Material provided:
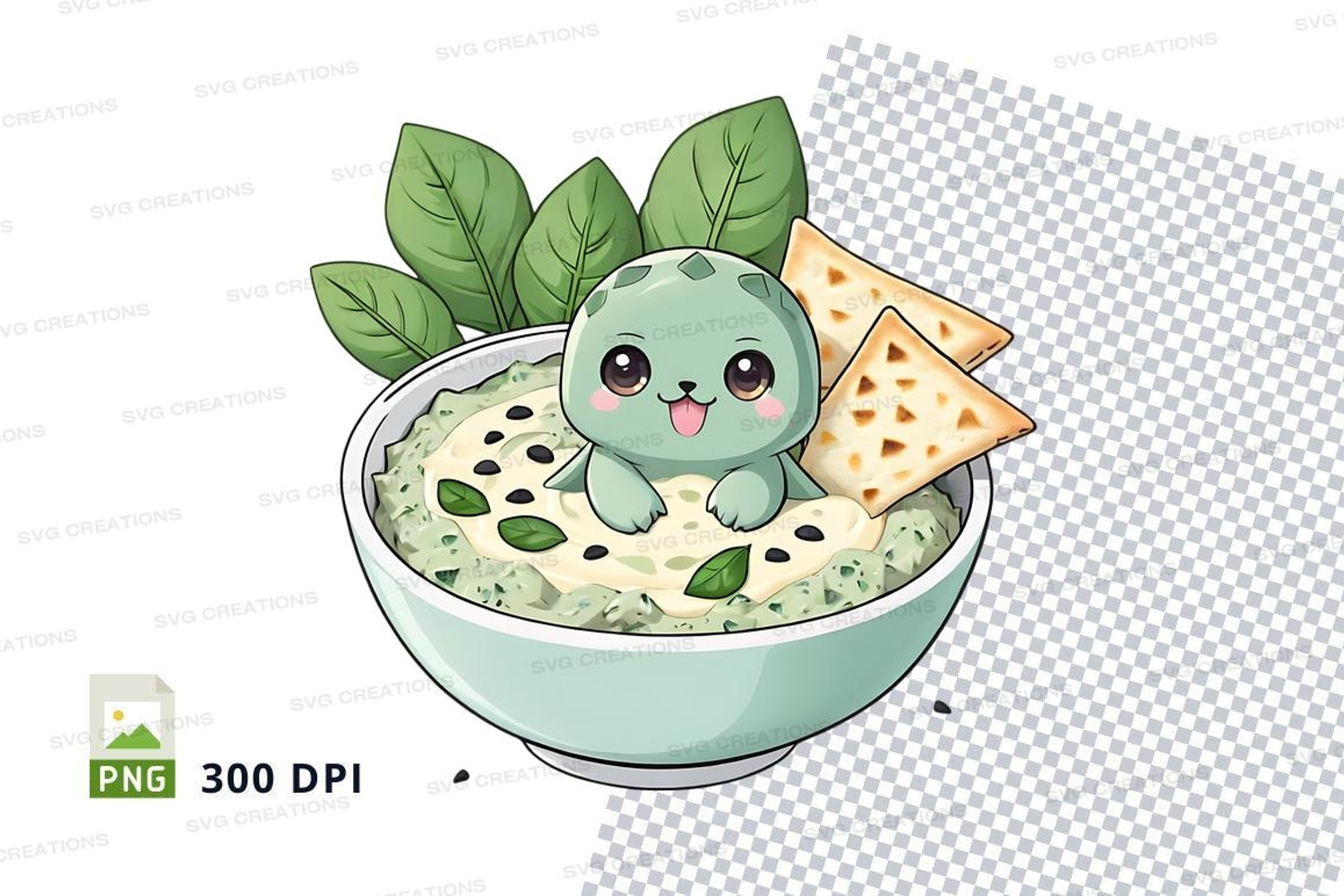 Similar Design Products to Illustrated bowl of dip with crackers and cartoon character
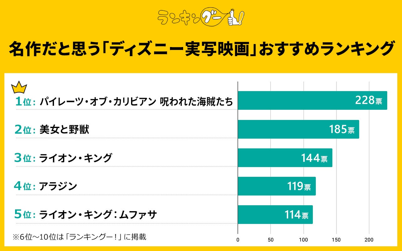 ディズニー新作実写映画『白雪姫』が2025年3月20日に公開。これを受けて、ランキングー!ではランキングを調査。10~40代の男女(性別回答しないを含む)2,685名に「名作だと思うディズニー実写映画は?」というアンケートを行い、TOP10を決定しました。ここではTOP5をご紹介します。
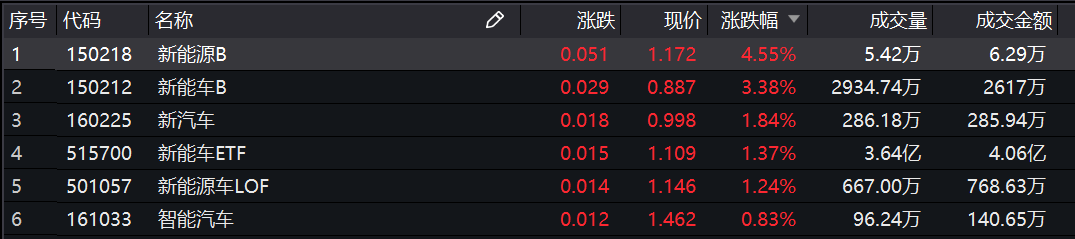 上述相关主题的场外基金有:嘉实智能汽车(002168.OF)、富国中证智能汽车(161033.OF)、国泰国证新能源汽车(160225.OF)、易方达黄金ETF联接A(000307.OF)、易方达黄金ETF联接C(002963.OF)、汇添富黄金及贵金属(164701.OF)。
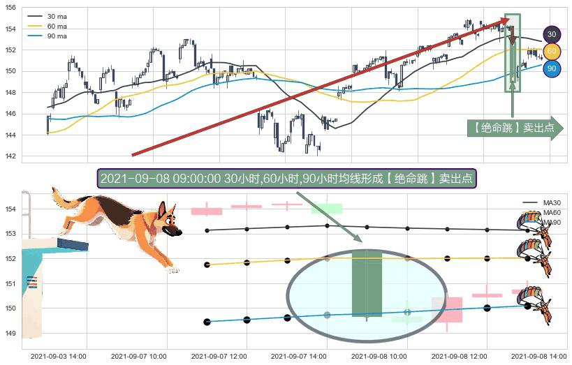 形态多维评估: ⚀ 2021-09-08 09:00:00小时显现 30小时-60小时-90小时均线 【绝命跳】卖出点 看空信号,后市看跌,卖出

Work task:
With pictures excluded, the data must be transcribed in full and to the letter.

Exercise response:
 Similar Design Products to Illustrated bowl of dip with crackers and cartoon character
 ディズニー新作実写映画『白雪姫』が2025年3月20日に公開。これを受けて、ランキングー!ではランキングを調査。10~40代の男女(性別回答しないを含む)2,685名に「名作だと思うディズニー実写映画は?」というアンケートを行い、TOP10を決定しました。ここではTOP5をご紹介します。
 上述相关主题的场外基金有:嘉实智能汽车(002168.OF)、富国中证智能汽车(161033.OF)、国泰国证新能源汽车(160225.OF)、易方达黄金ETF联接A(000307.OF)、易方达黄金ETF联接C(002963.OF)、汇添富黄金及贵金属(164701.OF)。
 形态多维评估: ⚀ 2021-09-08 09:00:00小时显现 30小时-60小时-90小时均线 【绝命跳】卖出点 看空信号,后市看跌,卖出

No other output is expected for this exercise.